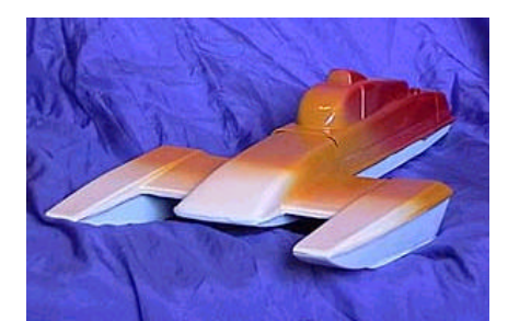
GTM Rigger built by Andrew Gilchrist of fastelectrics.com

smaller and small motors are becoming increasingly powerful and efficient. One area of particular interest is the development of Li-ion cells. These are now common in mobile phones and camcorders and it is feasible that they could power a boat fitted with a 400-size motor at racing speeds for more than half an hour!
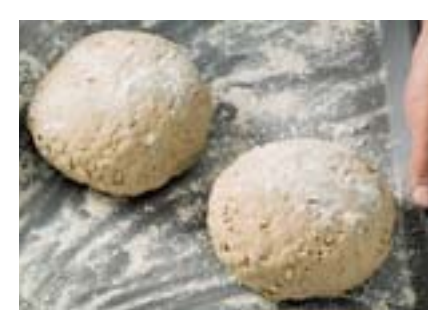
6 Cover and leave to rise for 1 hour. Form one or more loaves from the dough. Place on a floured baking tray and leave to rise for another hour.
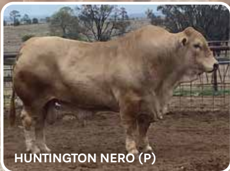
HUNTINGTON NERO (P)
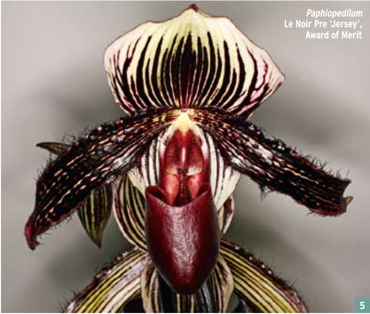
Paphiopedilum Le Noir Pre 'Jersey', Award of Merit

━━━━━━

Reproduce the whole listing above word for word, dropping each image.

GTM Rigger built by Andrew Gilchrist of fastelectrics.com

smaller and small motors are becoming increasingly powerful and efficient. One area of particular interest is the development of Li-ion cells. These are now common in mobile phones and camcorders and it is feasible that they could power a boat fitted with a 400-size motor at racing speeds for more than half an hour!
6 Cover and leave to rise for 1 hour. Form one or more loaves from the dough. Place on a floured baking tray and leave to rise for another hour.
HUNTINGTON NERO (P)
Paphiopedilum Le Noir Pre 'Jersey', Award of Merit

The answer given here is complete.